*** GIVEN INFORMATION ***

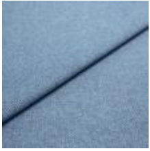
Jazz CS 2 Sky 1013702
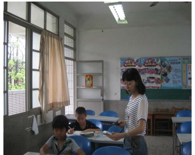
協助校內課後照顧班進行教室測光
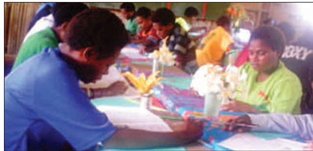
Ol gret 8 sumatin bilong Mopo praimereri skul long Sumao-Garia eria long Begesin long Madang provins i sindaun long gret 8 eksam.

Mopo praimereri skul em i wanpela rurel praimereri skul long wod 19 long Usino LLG long Usino-Bundi distrik long Madang provins. Ol rurel sumatin save givim

***

PROBLEM TO WORK ON:
Where a line of the data holds "long", show that line.

RESULT:
Ol gret 8 sumatin bilong Mopo praimereri skul long Sumao-Garia eria long Begesin long Madang provins i sindaun long gret 8 eksam.
Mopo praimereri skul em i wanpela rurel praimereri skul long wod 19 long Usino LLG long Usino-Bundi distrik long Madang provins. Ol rurel sumatin save givim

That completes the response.